Helping Houston’s disconnected youth overcome barriers such as poverty and parenting responsibilities requires a variety of innovative approaches. Each of the four partnerships supported by these investments designed creative and youth-centered solutions to help young adults make their way back to education and employment in Houston’s growing industries. The four partnerships include:

·       Capital IDEA, in partnership with Houston Community College Southeast, developed the “Career My Way” program, which emphasizes self-discovery, career exploration and academic preparation in the following employment sectors: Healthcare, Advanced Manufacturing, Commercial and Industrial Construction, Ports and Maritime, among others.

·       Project GRAD, in partnership with the Houston Community College System, is introducing “GRADcafé on the GO”, a mobile advising center that helps Houstonians get into and complete college and career training, focusing on neighborhoods with high concentrations of disconnected youth.

·       SERJobs, with its employer partners Gutier Construction and Marek Bros., is serving as the “employer of record” for paid internships and work-based learning; employers are involved in curriculum design, ongoing mentorship and leadership development.

·       Baylor Teen Health Clinic, in partnership with Baylor College of Medicine, established the Ascend Program to help meet the high demand for middle-skill employees at the Texas Medical Center by recruiting and training young adults who come to the clinics for health services. This initiative will greatly expand that effort to place these young people in entry- and middle-skills jobs with the promise of career advancement.

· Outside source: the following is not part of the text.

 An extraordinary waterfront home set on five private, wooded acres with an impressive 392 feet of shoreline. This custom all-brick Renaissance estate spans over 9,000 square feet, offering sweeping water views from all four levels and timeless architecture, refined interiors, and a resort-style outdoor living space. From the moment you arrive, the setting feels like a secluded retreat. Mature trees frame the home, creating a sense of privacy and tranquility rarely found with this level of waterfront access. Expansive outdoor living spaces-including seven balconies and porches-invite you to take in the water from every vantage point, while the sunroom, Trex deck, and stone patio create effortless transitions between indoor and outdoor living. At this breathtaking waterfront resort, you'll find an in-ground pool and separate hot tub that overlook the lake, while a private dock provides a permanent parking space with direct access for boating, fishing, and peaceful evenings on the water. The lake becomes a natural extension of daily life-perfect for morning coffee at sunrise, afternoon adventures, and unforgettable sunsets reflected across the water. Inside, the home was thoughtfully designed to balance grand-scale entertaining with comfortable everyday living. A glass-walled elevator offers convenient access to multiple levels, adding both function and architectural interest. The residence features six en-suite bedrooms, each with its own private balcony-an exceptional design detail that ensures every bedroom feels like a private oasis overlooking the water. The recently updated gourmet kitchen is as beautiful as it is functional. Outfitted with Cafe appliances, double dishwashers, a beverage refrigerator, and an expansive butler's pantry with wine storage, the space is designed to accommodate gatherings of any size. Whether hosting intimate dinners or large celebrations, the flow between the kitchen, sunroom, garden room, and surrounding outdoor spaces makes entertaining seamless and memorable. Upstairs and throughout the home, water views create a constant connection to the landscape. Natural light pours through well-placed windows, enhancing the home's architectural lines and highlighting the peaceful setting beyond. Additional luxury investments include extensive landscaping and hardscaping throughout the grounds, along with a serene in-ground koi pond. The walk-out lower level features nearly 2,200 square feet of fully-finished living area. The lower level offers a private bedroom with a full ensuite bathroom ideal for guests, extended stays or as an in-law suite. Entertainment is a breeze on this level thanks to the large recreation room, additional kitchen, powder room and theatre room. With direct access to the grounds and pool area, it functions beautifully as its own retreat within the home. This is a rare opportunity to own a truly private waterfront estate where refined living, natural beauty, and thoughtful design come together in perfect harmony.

“Baylor College of Medicine recognizes that serving the community, one of our major areas of focus, goes beyond providing medical care. The Baylor Teen Health Clinics are a perfect example of how our faculty and staff see health as more than just physical health,” said Dr. Paul Klotman, president, CEO and executive dean of Baylor College of Medicine. “This new collaboration with JPMorgan Chase, Educate Texas and the Trellis Foundation is a natural extension of our efforts and will have significant impact by helping youth in our community gain secure employment, earn living wages and have access to career advancement.”

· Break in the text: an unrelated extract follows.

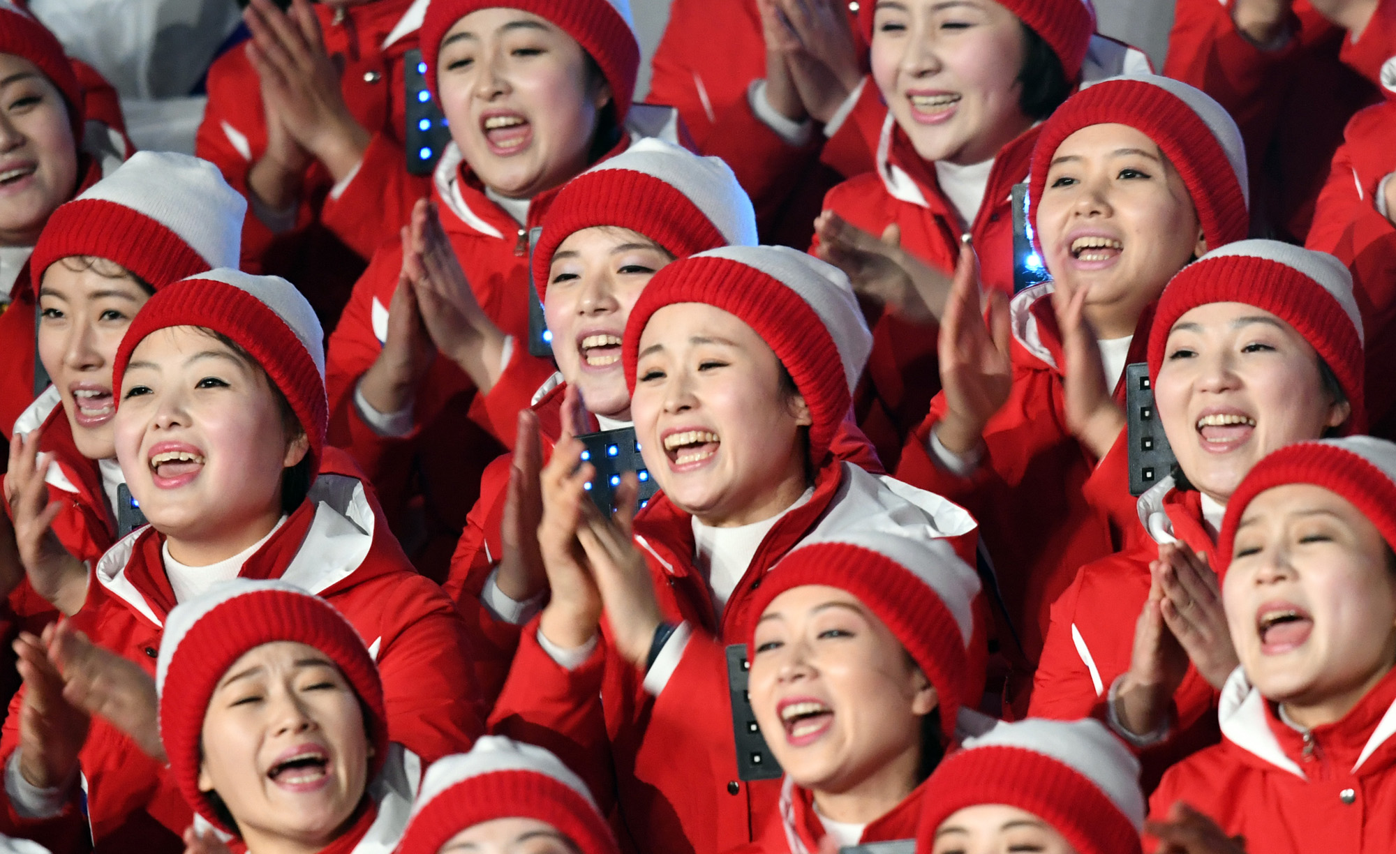 9일 오후 강원도 평창 올림픽 스타디움에서 열린 2018 평창동계올림픽 개회식에서 북한 응원단들이 우리는 하나다를 외치고 있다./임영무 기자

To address critical workforce issues around the world, JPMorgan Chase has invested more than $350 million to support skill building and job training worldwide. This includes the New Skills for Youth initiative, a $75 million program to help solve the youth unemployment crisis and provide them with the skills they need to succeed. With this commitment, JPMorgan Chase has provided more than $7 million to fund workforce programs in Houston.

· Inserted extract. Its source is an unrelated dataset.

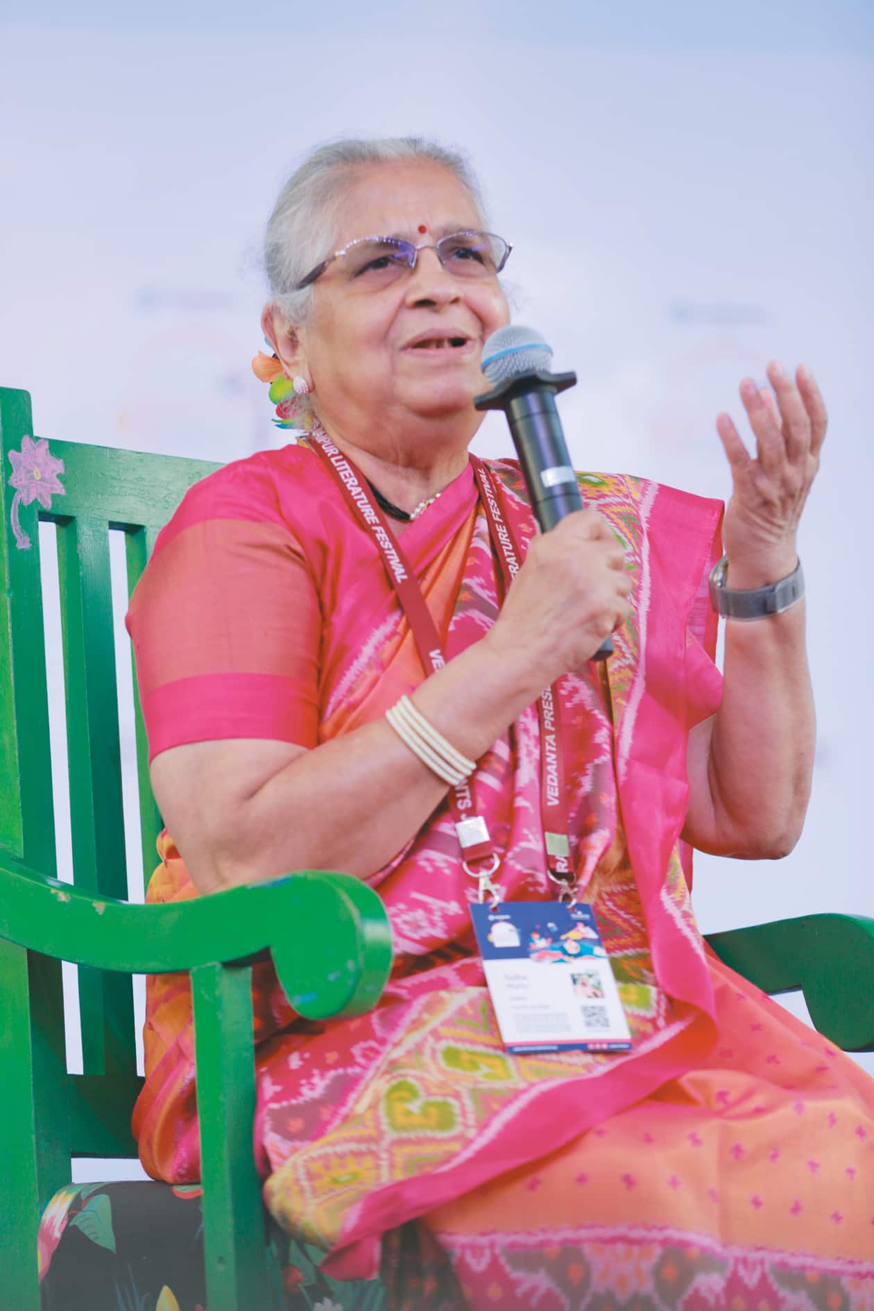ಕಿಕ್ಕಿರಿದ ಕೇಳುಗರು, ಮಾತುಮಾತಿಗೂ ಚಪ್ಪಾಳೆ, ಮಾತು ನಡೆಯುತ್ತಿದ್ದಂತೆಯೇ ಪುಸ್ತಕಕ್ಕೆ ಸಹಿ ಹಾಕಿಸಿಕೊಳ್ಳಲು ಸಾಲುಗಟ್ಟಿದ ಜನರ ನಡುವೆ ಸುಧಾಮೂರ್ತಿ, ‘ಕಳೆದುಹೋದ ಬೆಂಡೋಲೆಯ ಮಾಂತ್ರಿಕತೆ’ ಎಂಬ ವಿಷಯದ ಕುರಿತು ಪತ್ರಕರ್ತೆ ಮಂದಿರಾ ನಾಯರ್ ಜತೆ ಜೈಪುರ ಸಾಹಿತ್ಯೋತ್ಸವದ ಮೂರನೆಯ ದಿನದ ಮೊದಲ ಸಂವಾದ ಗೋಷ್ಠಿ ನಡೆಸಿಕೊಟ್ಟರು.ಮಾತಿನ ನಡುವೆ ತನ್ನ ಬದುಕಿನ ಅನುಭವ, ಮೊಮ್ಮಕ್ಕಳನ್ನು ಬೆಳೆಸುವ ರೀತಿ, ಕುಸಿಯುತ್ತಿರುವ ಕುಟುಂಬ ವ್ಯವಸ್ಥೆ, ಲೇಖಕರ ಜವಾಬ್ದಾರಿಯ ಕುರಿತು ಸುಧಾಮೂರ್ತಿ ಮಾತಾಡಿದರು.

JPMorgan Chase’s Commitment to Houston

Chase is the largest financial institution in Texas, employing more than 24,000 people across the state. Chase has 10 million consumer customers statewide and serves 780,000 business clients. Chase has more than 200 local branches and more than 6,000 Houston employees.

After Hurricane Harvey, JPMorgan Chase & Co. provided more than $30 million in immediate relief, including discounted auto loans and mortgages, as well as $6 million in company- and employee-donations to nonprofits focused in the Houston area.

About Educate Texas

Educate Texas, an initiative of Communities Foundation of Texas, has partnered with public and private entities for more than a decade to transform the Texas public and higher education systems so that every student is prepared for success in school, the workforce and life.

In addition to Bridge to College and Career Success, Educate Texas’ efforts in the Greater Houston Gulf Coast region include work supporting Texas Regional STEM Degree Accelerator, Harvey HELP and Harvey KIDS disaster relief education funds, Texas College Access Network and the Texas Education Agency’s College and Career Readiness Models Network of T-STEM Academies, Early College High Schools and Industry Cluster Innovative Academies.

About the Trellis Foundation

Founded by Trellis Company (formerly TG), Trellis Foundation is a grantmaking public charitable organization built on a 40-year heritage of helping students achieve their educational and career goals. The Foundation focuses on improving postsecondary attainment for low- to moderate-income students who may not otherwise have an opportunity to earn a credential or degree.